Adored, neglected, and restored: A 1968 Nat Geo feature explored Notre Dame

Fifty years ago, we published an ode to Paris' most famous cathedral.

“Sublime and majestic edifice,” wrote author Victor Hugo of the Cathedral of Notre Dame. The medieval masterpiece, its flying buttresses and sculptures gleaming in floodlight, rises beside the Seine from the island heart of the French capital.
Photograph by Bruce Dale, Nat Geo Image Collection

In the heart of Paris, which is the heart of France, which some consider the heart of Europe, there is an island in the river Seine called La Cité.
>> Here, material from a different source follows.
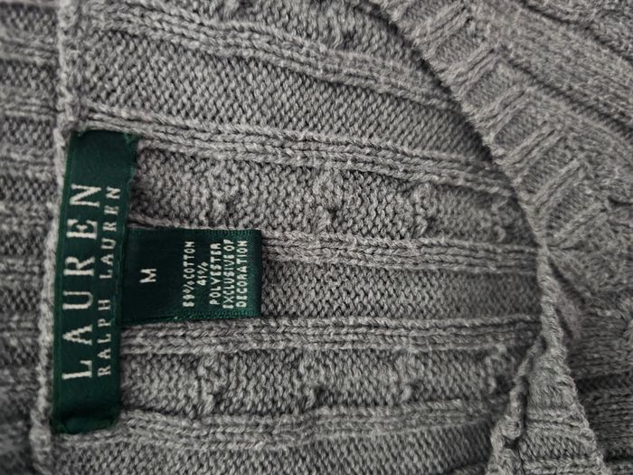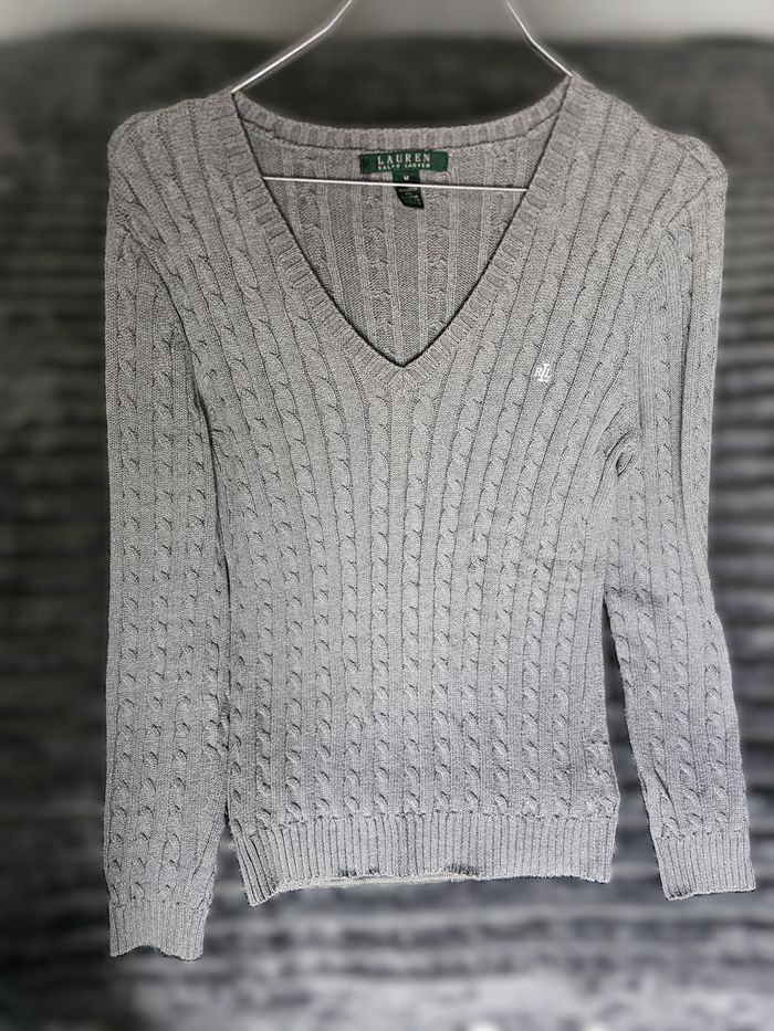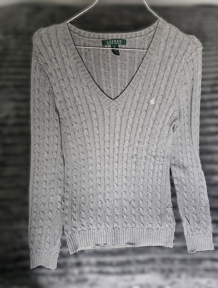 🧥 Pull en maille torsadée Lauren Ralph Lauren – Gris – Taille M – Femme Très joli pull Lauren Ralph Lauren en maille torsadée, coloris gris intemporel. Coupe élégante avec col en V, facile à porter au quotidien comme pour une tenue plus habillée. Maille douce et agréable, belle tenue. ✔️ Logo discret brodé sur la poitrine ✔️ Classique chic, indémodable
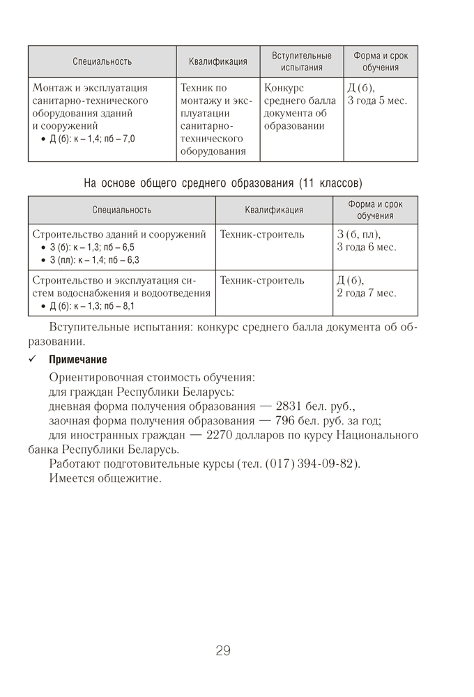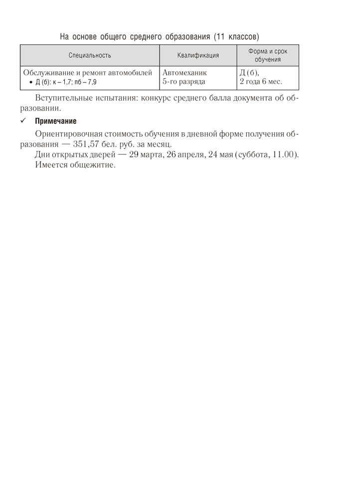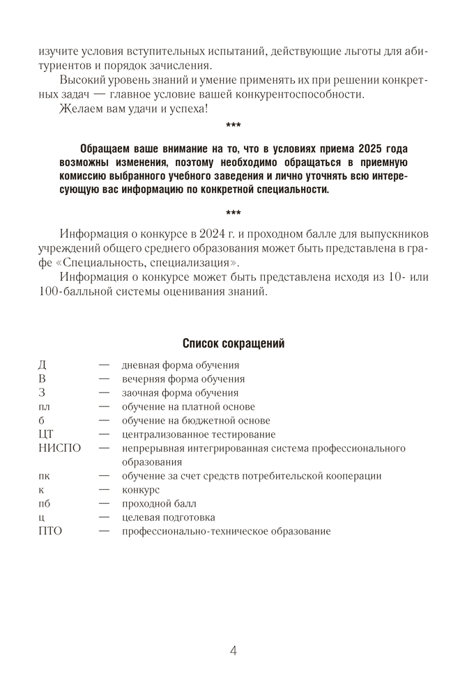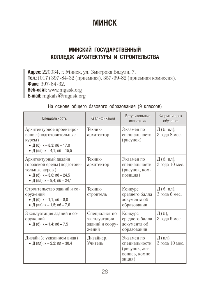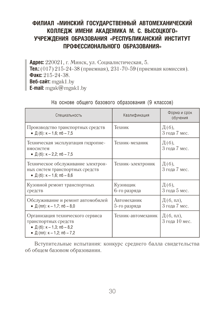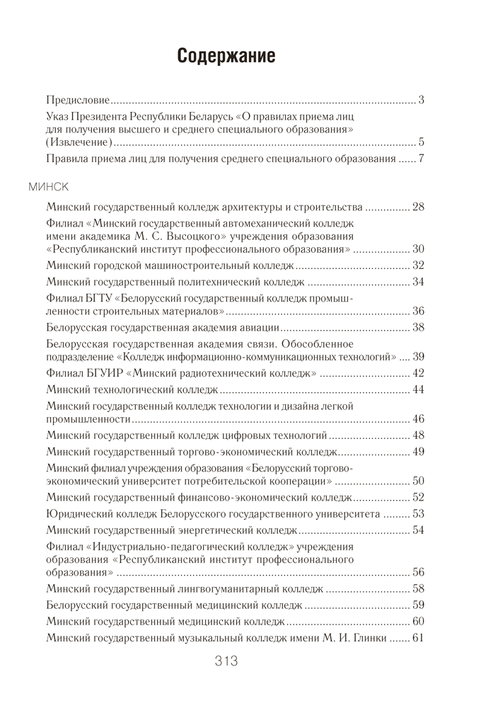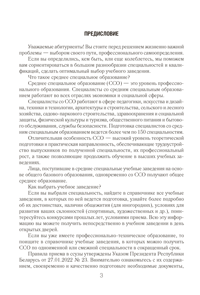 В справочнике содержатся Правила приема лиц для получения среднего специального образования в Республике Беларусь и информация об учреждениях среднего специального образования (адрес, веб-сайт, специальности, квалификации, формы получения образования, вступительные испытания, конкурс и проходной балл в 2024 году).

In the heart of La Cité is an expanse of pavement inappropriately called the Parvis (Old French for Paradise), and in the heart of the Parvis there is a large hole in the ground. I had an appointment there on a rain-cleansed, sunlit morning—an appointment with the first century at the bottom of a hole in Paradise.

My guide to ages past would not arrive for an hour, therefore I waited, not at the raw edge of the excavation, but 230 feet above it on the loveliest lookout Paris can provide, the south tower of Notre Dame de Paris.

Tourists of every nation climb to this vantage point. More than two million people come to Paris every year, and more of them visit the world-famous Cité than anything else in the City of Lights.